• _Work required_
The records underneath are to be repeated exactly, with the pictures left out.

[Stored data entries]
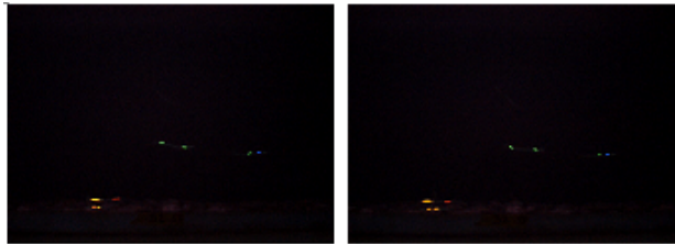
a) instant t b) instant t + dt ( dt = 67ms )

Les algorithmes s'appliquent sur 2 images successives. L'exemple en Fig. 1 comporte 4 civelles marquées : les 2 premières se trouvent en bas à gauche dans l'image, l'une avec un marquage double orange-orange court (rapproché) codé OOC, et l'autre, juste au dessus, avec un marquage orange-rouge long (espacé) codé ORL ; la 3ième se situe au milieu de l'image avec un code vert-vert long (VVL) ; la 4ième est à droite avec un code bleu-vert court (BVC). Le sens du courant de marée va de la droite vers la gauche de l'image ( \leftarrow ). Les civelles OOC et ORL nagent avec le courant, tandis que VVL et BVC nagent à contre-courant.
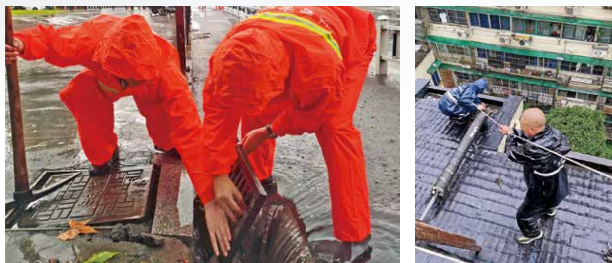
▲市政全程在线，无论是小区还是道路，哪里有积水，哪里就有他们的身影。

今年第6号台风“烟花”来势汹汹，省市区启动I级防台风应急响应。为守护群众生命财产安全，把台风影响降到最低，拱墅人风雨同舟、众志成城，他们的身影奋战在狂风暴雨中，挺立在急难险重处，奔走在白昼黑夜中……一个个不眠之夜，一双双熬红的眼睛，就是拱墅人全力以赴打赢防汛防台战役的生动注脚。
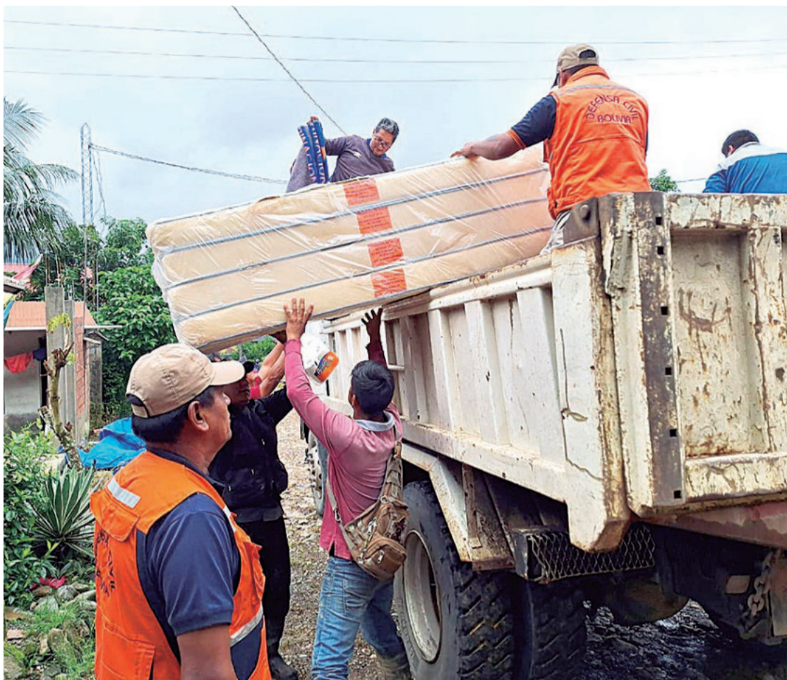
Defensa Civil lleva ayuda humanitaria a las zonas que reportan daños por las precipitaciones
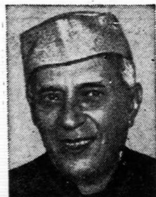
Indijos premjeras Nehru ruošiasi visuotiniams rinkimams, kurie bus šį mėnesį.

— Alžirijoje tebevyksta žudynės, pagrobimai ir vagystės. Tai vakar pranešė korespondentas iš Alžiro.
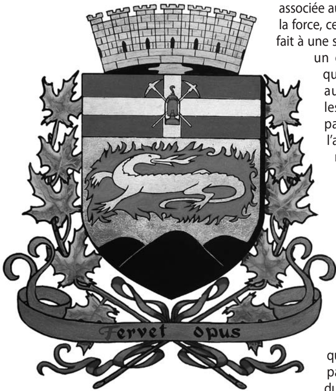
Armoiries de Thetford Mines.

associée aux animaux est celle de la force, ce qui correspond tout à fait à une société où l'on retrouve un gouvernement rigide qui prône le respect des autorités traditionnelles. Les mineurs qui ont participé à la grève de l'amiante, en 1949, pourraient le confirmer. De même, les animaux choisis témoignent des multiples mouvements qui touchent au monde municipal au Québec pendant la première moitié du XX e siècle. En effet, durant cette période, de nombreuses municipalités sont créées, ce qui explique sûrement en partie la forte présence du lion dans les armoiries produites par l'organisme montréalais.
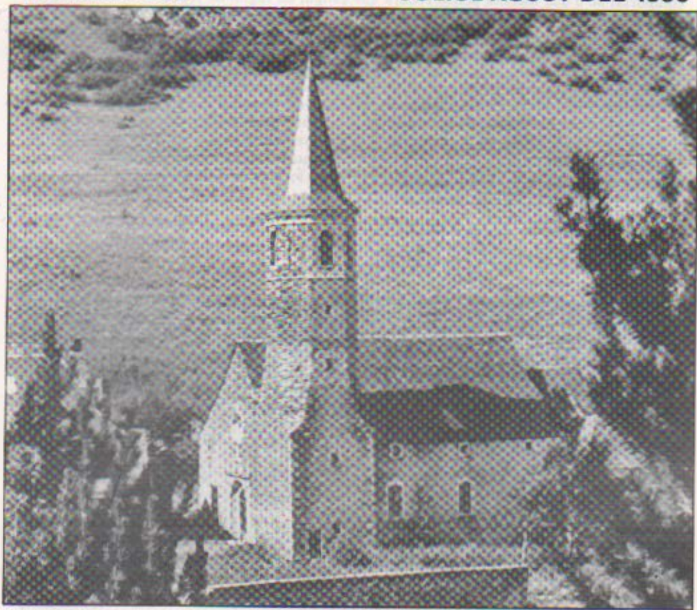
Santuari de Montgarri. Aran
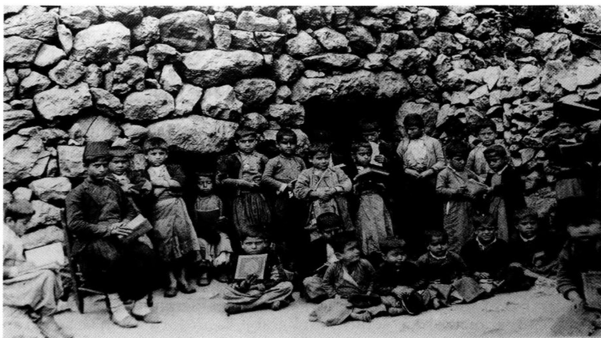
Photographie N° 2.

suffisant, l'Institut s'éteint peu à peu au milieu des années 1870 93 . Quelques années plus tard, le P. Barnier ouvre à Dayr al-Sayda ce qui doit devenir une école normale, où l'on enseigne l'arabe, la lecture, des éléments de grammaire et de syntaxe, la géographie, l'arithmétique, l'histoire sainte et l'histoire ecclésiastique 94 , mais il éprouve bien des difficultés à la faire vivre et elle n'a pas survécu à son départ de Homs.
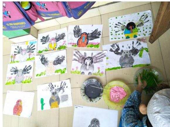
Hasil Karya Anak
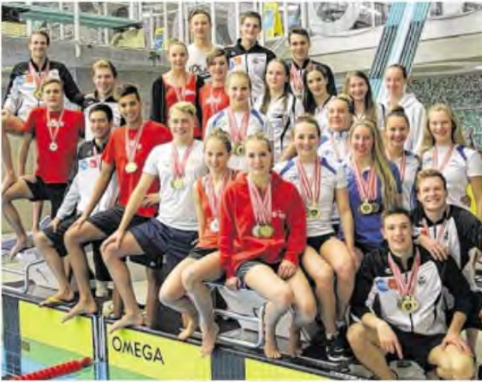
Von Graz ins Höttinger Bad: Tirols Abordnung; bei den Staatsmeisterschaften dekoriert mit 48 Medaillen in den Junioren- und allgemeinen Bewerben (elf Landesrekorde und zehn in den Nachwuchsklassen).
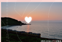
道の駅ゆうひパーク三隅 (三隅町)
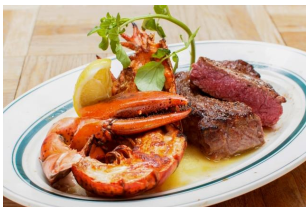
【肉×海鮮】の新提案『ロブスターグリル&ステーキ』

• _Expected output_
a) instant t b) instant t + dt ( dt = 67ms )

Les algorithmes s'appliquent sur 2 images successives. L'exemple en Fig. 1 comporte 4 civelles marquées : les 2 premières se trouvent en bas à gauche dans l'image, l'une avec un marquage double orange-orange court (rapproché) codé OOC, et l'autre, juste au dessus, avec un marquage orange-rouge long (espacé) codé ORL ; la 3ième se situe au milieu de l'image avec un code vert-vert long (VVL) ; la 4ième est à droite avec un code bleu-vert court (BVC). Le sens du courant de marée va de la droite vers la gauche de l'image ( \leftarrow ). Les civelles OOC et ORL nagent avec le courant, tandis que VVL et BVC nagent à contre-courant.
▲市政全程在线，无论是小区还是道路，哪里有积水，哪里就有他们的身影。

今年第6号台风“烟花”来势汹汹，省市区启动I级防台风应急响应。为守护群众生命财产安全，把台风影响降到最低，拱墅人风雨同舟、众志成城，他们的身影奋战在狂风暴雨中，挺立在急难险重处，奔走在白昼黑夜中……一个个不眠之夜，一双双熬红的眼睛，就是拱墅人全力以赴打赢防汛防台战役的生动注脚。
Defensa Civil lleva ayuda humanitaria a las zonas que reportan daños por las precipitaciones
Indijos premjeras Nehru ruošiasi visuotiniams rinkimams, kurie bus šį mėnesį.

— Alžirijoje tebevyksta žudynės, pagrobimai ir vagystės. Tai vakar pranešė korespondentas iš Alžiro.
Armoiries de Thetford Mines.

associée aux animaux est celle de la force, ce qui correspond tout à fait à une société où l'on retrouve un gouvernement rigide qui prône le respect des autorités traditionnelles. Les mineurs qui ont participé à la grève de l'amiante, en 1949, pourraient le confirmer. De même, les animaux choisis témoignent des multiples mouvements qui touchent au monde municipal au Québec pendant la première moitié du XX e siècle. En effet, durant cette période, de nombreuses municipalités sont créées, ce qui explique sûrement en partie la forte présence du lion dans les armoiries produites par l'organisme montréalais.
Santuari de Montgarri. Aran
Photographie N° 2.

suffisant, l'Institut s'éteint peu à peu au milieu des années 1870 93 . Quelques années plus tard, le P. Barnier ouvre à Dayr al-Sayda ce qui doit devenir une école normale, où l'on enseigne l'arabe, la lecture, des éléments de grammaire et de syntaxe, la géographie, l'arithmétique, l'histoire sainte et l'histoire ecclésiastique 94 , mais il éprouve bien des difficultés à la faire vivre et elle n'a pas survécu à son départ de Homs.
Hasil Karya Anak
Von Graz ins Höttinger Bad: Tirols Abordnung; bei den Staatsmeisterschaften dekoriert mit 48 Medaillen in den Junioren- und allgemeinen Bewerben (elf Landesrekorde und zehn in den Nachwuchsklassen).
道の駅ゆうひパーク三隅 (三隅町)
【肉×海鮮】の新提案『ロブスターグリル&ステーキ』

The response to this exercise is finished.